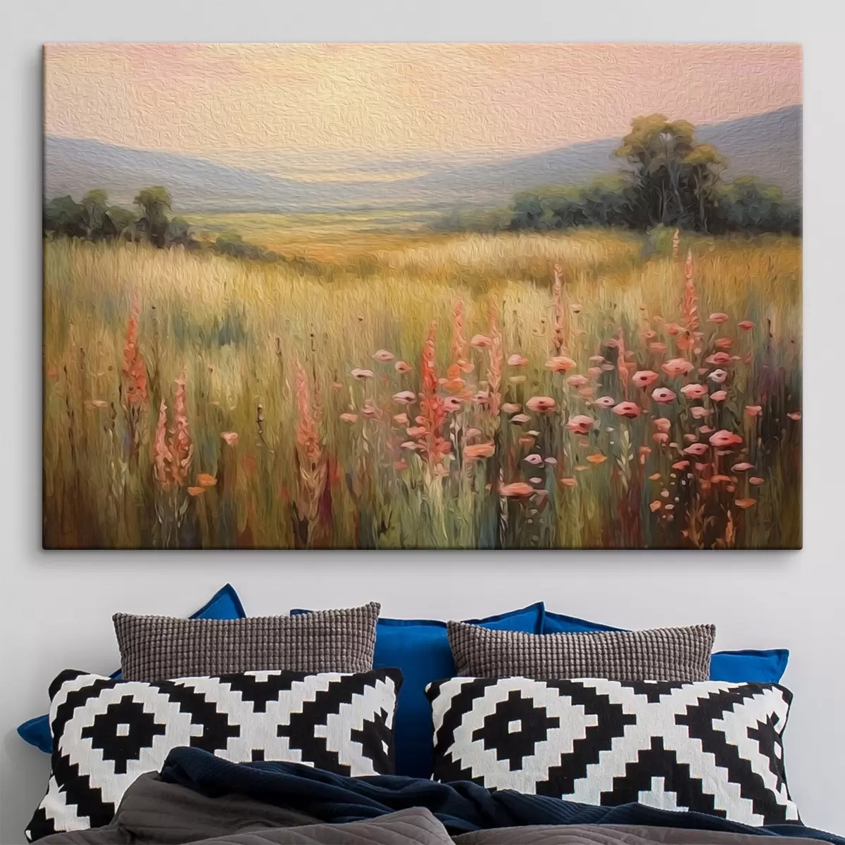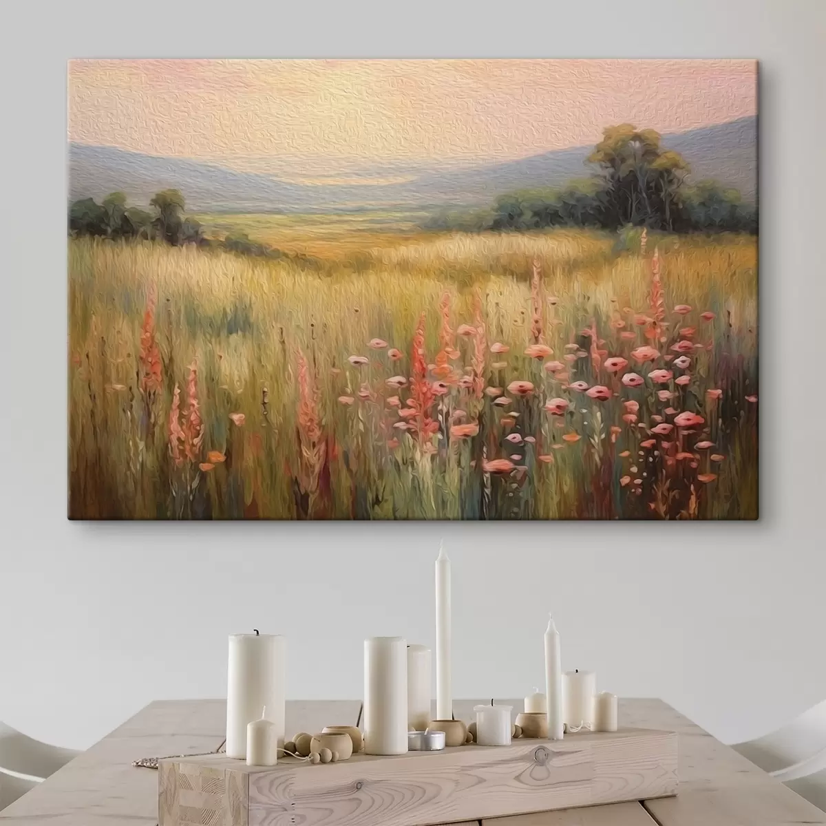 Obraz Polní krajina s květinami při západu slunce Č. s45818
··········
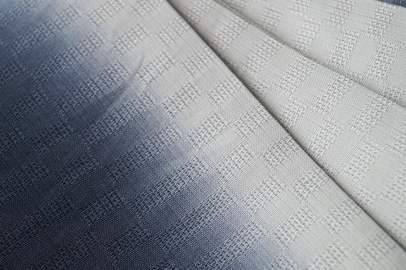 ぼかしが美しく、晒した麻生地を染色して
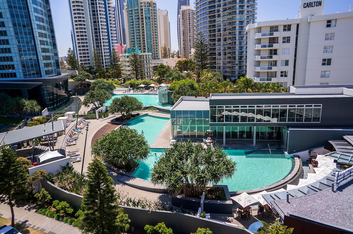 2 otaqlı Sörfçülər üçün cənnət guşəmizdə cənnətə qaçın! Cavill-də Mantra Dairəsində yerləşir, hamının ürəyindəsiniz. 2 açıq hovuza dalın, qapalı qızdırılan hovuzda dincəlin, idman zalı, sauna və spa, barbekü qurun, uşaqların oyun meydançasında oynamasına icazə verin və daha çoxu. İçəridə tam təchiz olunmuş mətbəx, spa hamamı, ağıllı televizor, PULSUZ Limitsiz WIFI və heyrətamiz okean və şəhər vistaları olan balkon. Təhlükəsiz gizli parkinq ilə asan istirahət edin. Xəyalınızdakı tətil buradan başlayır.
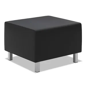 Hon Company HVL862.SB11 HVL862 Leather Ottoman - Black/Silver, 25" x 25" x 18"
··········
# [Assignment]
The reply should hold exactly the lines above, starting at the line with "2 otaqlı Sörfçülər" and ending at the line with "Hon Company HVL862.SB11", and no pictures.

# [Result of this exercise]
 2 otaqlı Sörfçülər üçün cənnət guşəmizdə cənnətə qaçın! Cavill-də Mantra Dairəsində yerləşir, hamının ürəyindəsiniz. 2 açıq hovuza dalın, qapalı qızdırılan hovuzda dincəlin, idman zalı, sauna və spa, barbekü qurun, uşaqların oyun meydançasında oynamasına icazə verin və daha çoxu. İçəridə tam təchiz olunmuş mətbəx, spa hamamı, ağıllı televizor, PULSUZ Limitsiz WIFI və heyrətamiz okean və şəhər vistaları olan balkon. Təhlükəsiz gizli parkinq ilə asan istirahət edin. Xəyalınızdakı tətil buradan başlayır.
 Hon Company HVL862.SB11 HVL862 Leather Ottoman - Black/Silver, 25" x 25" x 18"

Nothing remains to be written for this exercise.